Wyatt takes the first wave he likes, and I wait. He paddles back to me. “What are you waiting for? An invitation?” He splashes my board.

“The waves are kind of intimidating,” I say.

“You’ve got this, Sam. Come on.” He turns away from me and paddles out, like he’s not going to entertain my nonsense. He thinks I’m still that girl who’s great at Capture the Flag.

I take the next one that comes along and fall pretty quickly. But it feels good, and when I come up for air, I am smiling.

“See?” he says. And we paddle back out.

I fall a bunch of times, but I don’t really care. I like the feel of the water on my skin. I like the feel of the sun warming me just enough that the water feels cold when I go under again. The soundtrack of the ocean is in my head, and it replaces my to-do list and my nagging fear of waltzing in a box. I can move however I want in the ocean. I’m completely free.

Wyatt paddles over to me. “You getting tired?”

“A little.” We’re on our stomachs, and he’s holding on to my board the way he used to, keeping us together. Out here on the water, it feels like we’re outside of time. We lock eyes, and in the actual world, this would have felt uncomfortable after a while. But out on the water, Wyatt and I are both the past and the present. I am the girl who wasn’t afraid of anything, all grown up without having been broken. I can feel the strength of that girl and I think he sees her. I don’t want to look away.

“I’m going to take one more,” he says finally, and lets go of my board. A wave comes and he glides right in. He seems to be able to feel the ocean beneath him and move along with its rhythm. It makes me think of our bodies together, and I push this thought away.

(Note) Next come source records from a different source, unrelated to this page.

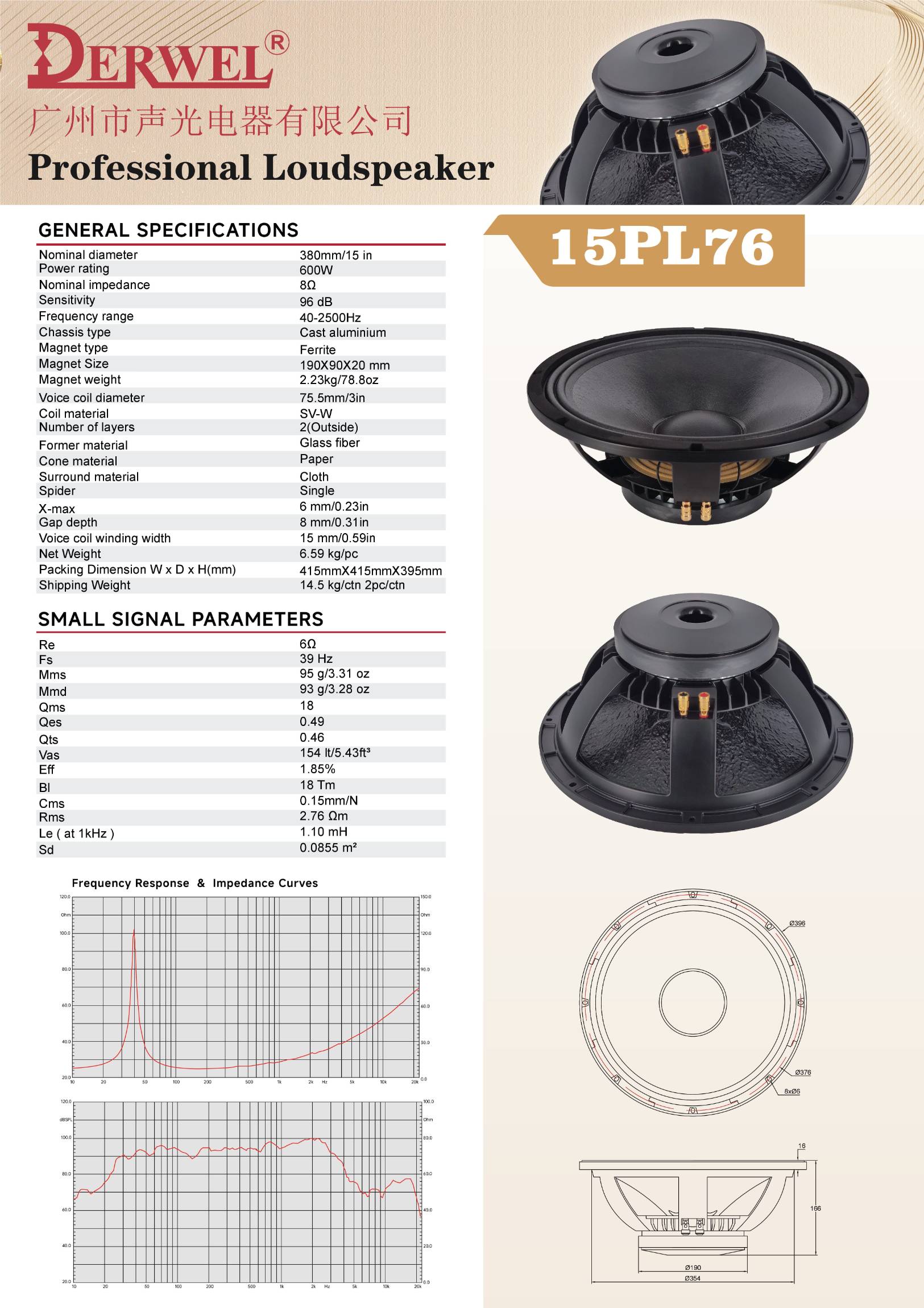 DERWEL 15PL76: 15-inch pro loudspeaker, 800W, 8Ω, 96dB sensitivity, 40-2500Hz. Sturdy, high-power for professional audio applications.
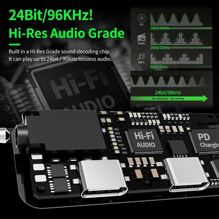 Buy Plextone GS1 Mark II 3 in 1 Type C to 3.5mm Audio Jack Aux Converter Sound Card with Charge Adapter online from Cellsii.com. It supports 24bit/96KHz Hi-Resolution sound quality. Built in Hi-Res sound decoding chip. It can play up to 24bit/96KHz lossless audio. It is lightweight and comfortable.
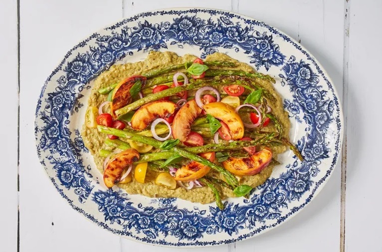 Тази салата съчетава печени на барбекю нектарини и аспержи със сос Ромеско. Сосът е с пушен, остър и приятно горчив вкус, който допринася за комплексността на ястието.
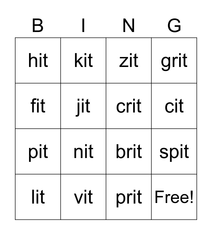 This bingo card has 23 words: Free!, bit, cit, dit, fit, hit, jit, kit, lit, mit, nit, pit, rit, sit, vit, wit, zit, brit, crit, spit, grit, prit and trit.
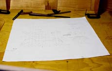 Patterning is somewhat time-consuming but there is no complex “lofting” required. A plywood panel is marked off in one foot increments and measurements are all made from the plywood factory edge. To further simplify, the topside panels have straight line edges and panels are joined with epoxy glued doubler pads which reinforce the hull and provide a simple and efficient method to join the factory edges.
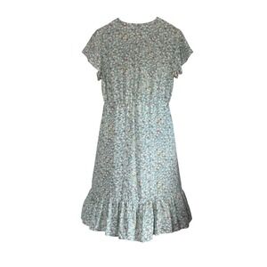 Whispers of summer meadows abound in this darling floral midi dress. A cascade of dainty blossoms dances across a breezy silhouette, punctuated by a button-front design that invites personalized styling, and a flattering drawstring waist that gently defines your figure. The charming ruffle hem adds a touch of playful elegance. Perfect for a sun-drenched picnic, a casual brunch with friends, or a romantic stroll through a garden, this dress embodies effortless chic.
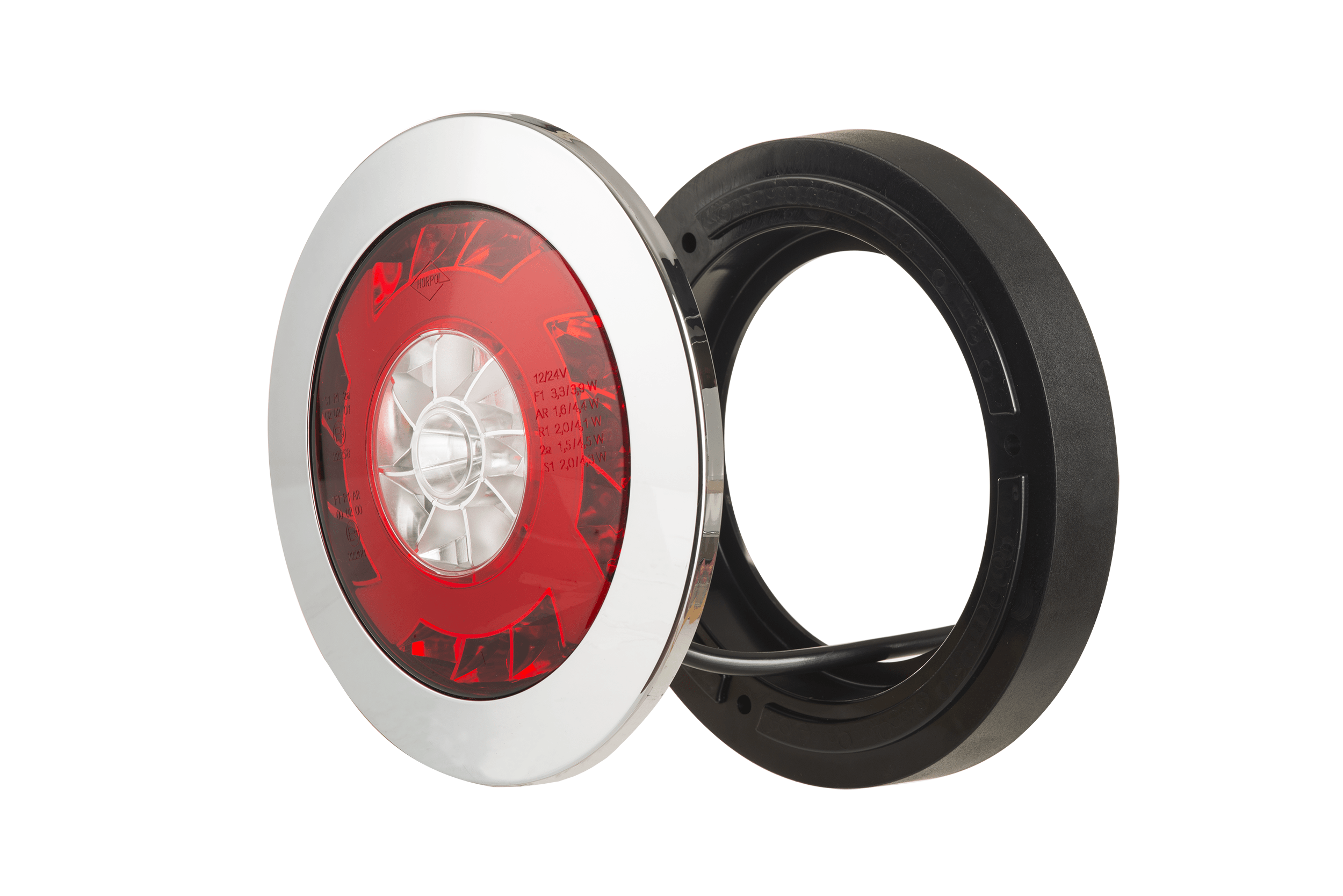 Luz combinada trasera LZD 2425, de diodos luminosos 12/24 V con brida y anillo metalizado.

He’s getting out of the ocean and I want to follow him. My body is tired, but I take the next wave anyway. I’m not steady as I pop up, and then I am underwater, and I’m tumbling. My forehead scrapes something sharp in the sand and I wince in pain. See? This is what happens. My surfboard tugs at the leash on my ankle, and I’m too confused to stand up.

Wyatt grabs my arm and pulls me to standing. He quickly unleashes me from my board and puts his arms around me. I’m catching my breath as I lean into him, my head on his shoulder.

“You okay?” he asks, gathering my hair into a ponytail and wringing it out.

“I think so,” I say. I don’t want to get out of the ocean.

He pulls away and looks at me. “You’re bleeding.”

My hand flies up to my forehead, where I felt something sharp.

“Don’t touch it. It’s not that bad. Let me just rinse it with some salt water and cover it up. You okay to walk?”

“I’m fine, just disoriented from the water. Or reoriented. I don’t know.”

Wyatt grabs my board and takes my hand to lead me. “Please don’t start talking crazy.”

I laugh. I walk slowly because I’m a little dizzy, but also because I want to memorize this moment—the feel of Wyatt’s hand in mine, the water at my ankles. The ocean floor is soft beneath my feet and the sun warms my back. My senses record every second of it.

Wyatt lays out our towels and shakes out his gray T-shirt. I sit down and he kneels over me, carefully folding the T-shirt and pressing it on my wound. His face is above mine and his bare chest fills my line of sight. I wonder why it’s socially appropriate for people to wear so little when they are on the beach.

“I have no idea what I’m doing, by the way,” he says.

“This all seems very professional to me.”

He pulls the T-shirt away. “It’s not too bad, the bleeding stopped.” He sits back down on his towel, putting some space between us. We lean back on our elbows at the same time, stretching our legs out in front of us. It is shocking how undressed we are.

I say, “Have you ever thought about how much time we spent sitting together in our bathing suits growing up?”

“We lived at the beach.”

“And we were half-naked all day. The two of us alone down at the cove all the time. I’m surprised it didn’t happen a lot sooner.”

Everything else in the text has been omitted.